» **What to produce**
Repeat the data in full. Drop every picture.

» **Recorded information**
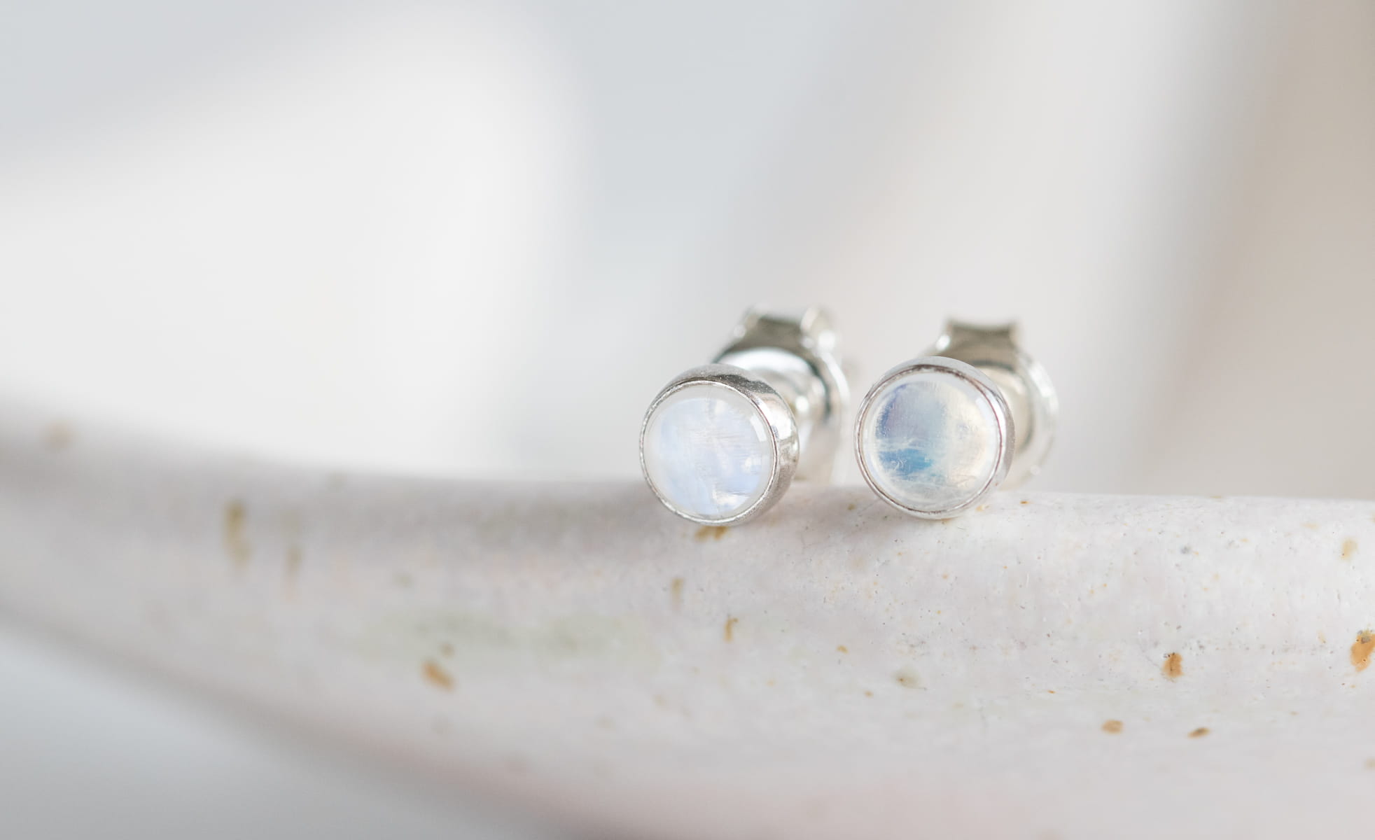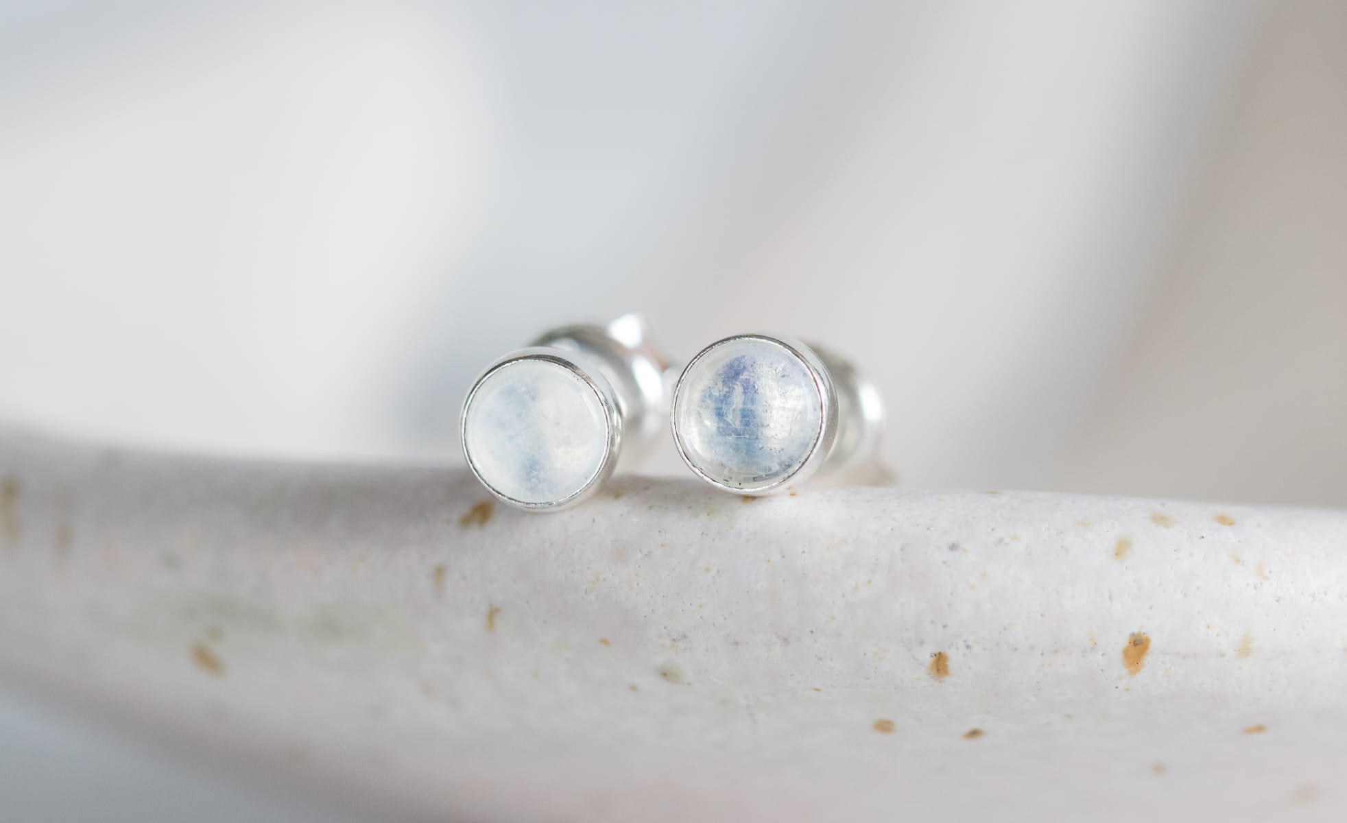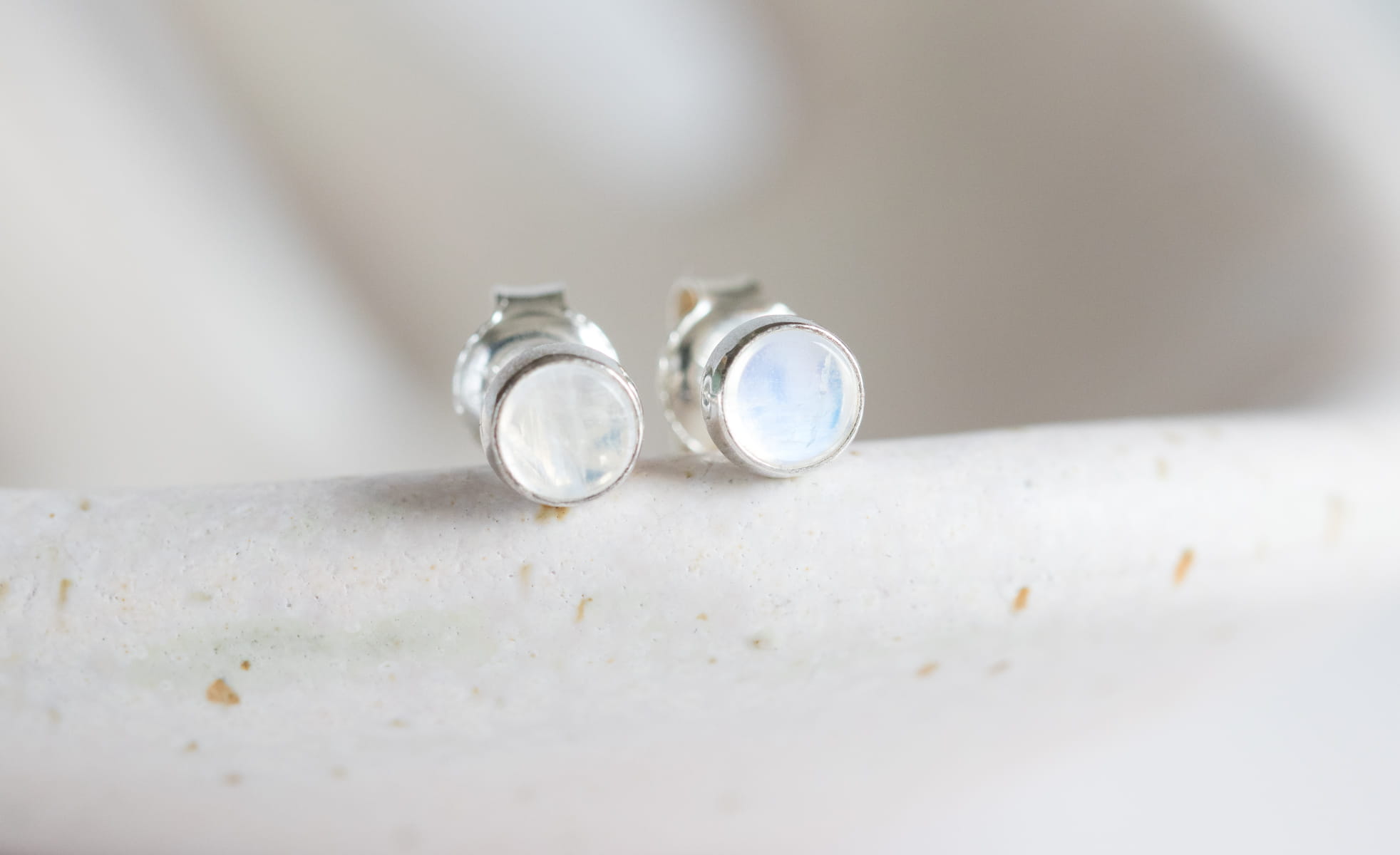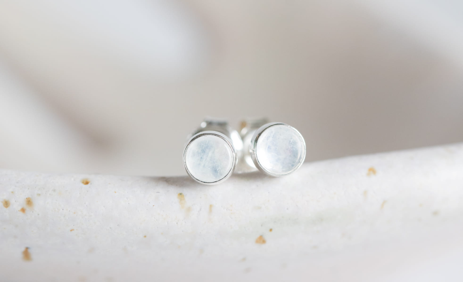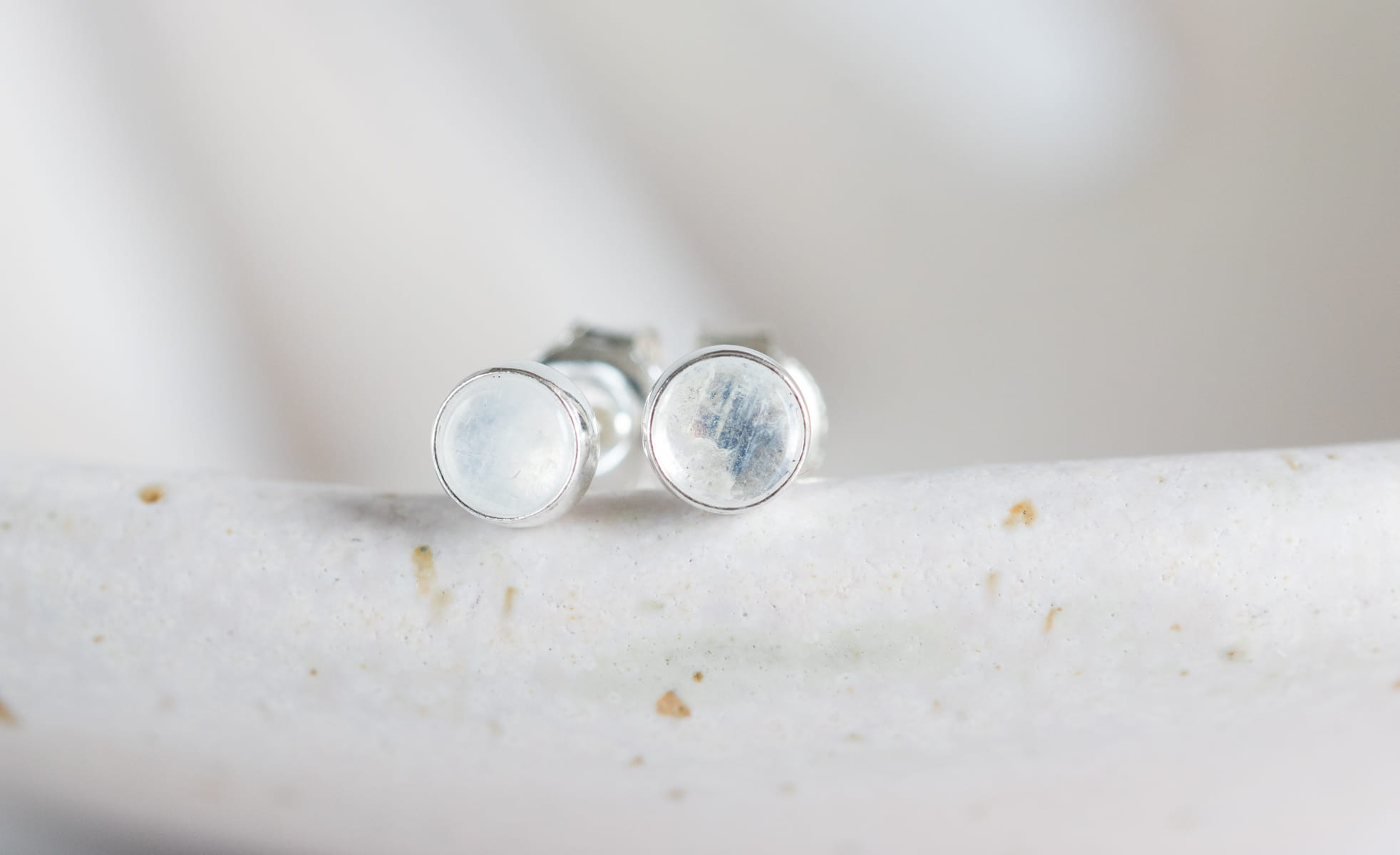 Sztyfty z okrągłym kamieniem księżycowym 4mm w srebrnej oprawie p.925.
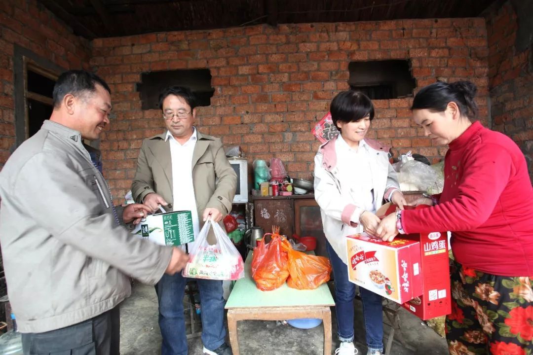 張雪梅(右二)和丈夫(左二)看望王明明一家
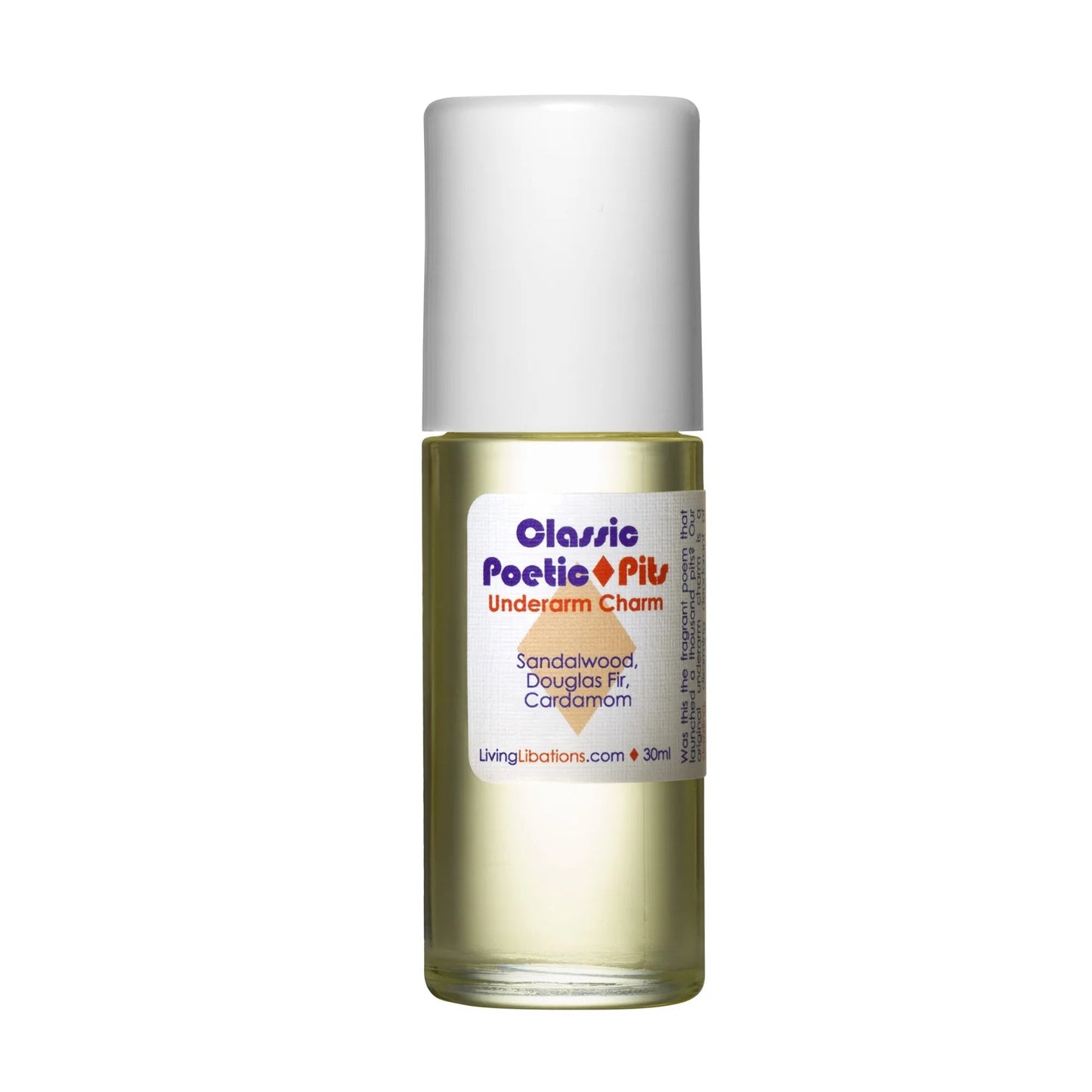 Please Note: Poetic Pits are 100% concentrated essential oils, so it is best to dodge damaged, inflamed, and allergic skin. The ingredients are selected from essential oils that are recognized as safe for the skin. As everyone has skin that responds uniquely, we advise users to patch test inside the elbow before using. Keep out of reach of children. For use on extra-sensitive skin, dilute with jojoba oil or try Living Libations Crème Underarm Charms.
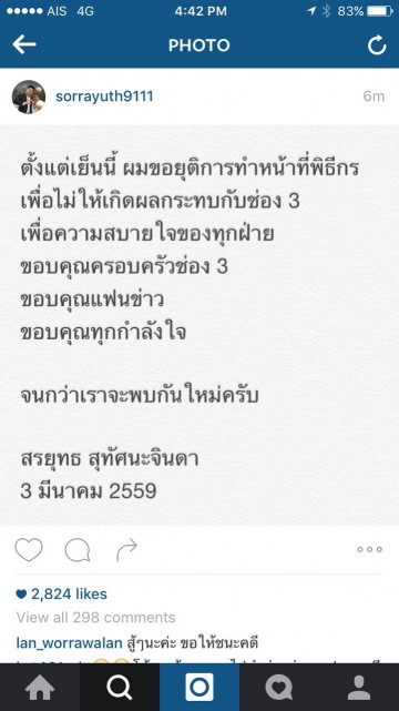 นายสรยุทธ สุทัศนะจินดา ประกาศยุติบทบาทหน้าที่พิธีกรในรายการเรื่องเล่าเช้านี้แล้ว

» **Reply to the exercise**
 Sztyfty z okrągłym kamieniem księżycowym 4mm w srebrnej oprawie p.925.
 張雪梅(右二)和丈夫(左二)看望王明明一家
 Please Note: Poetic Pits are 100% concentrated essential oils, so it is best to dodge damaged, inflamed, and allergic skin. The ingredients are selected from essential oils that are recognized as safe for the skin. As everyone has skin that responds uniquely, we advise users to patch test inside the elbow before using. Keep out of reach of children. For use on extra-sensitive skin, dilute with jojoba oil or try Living Libations Crème Underarm Charms.
 นายสรยุทธ สุทัศนะจินดา ประกาศยุติบทบาทหน้าที่พิธีกรในรายการเรื่องเล่าเช้านี้แล้ว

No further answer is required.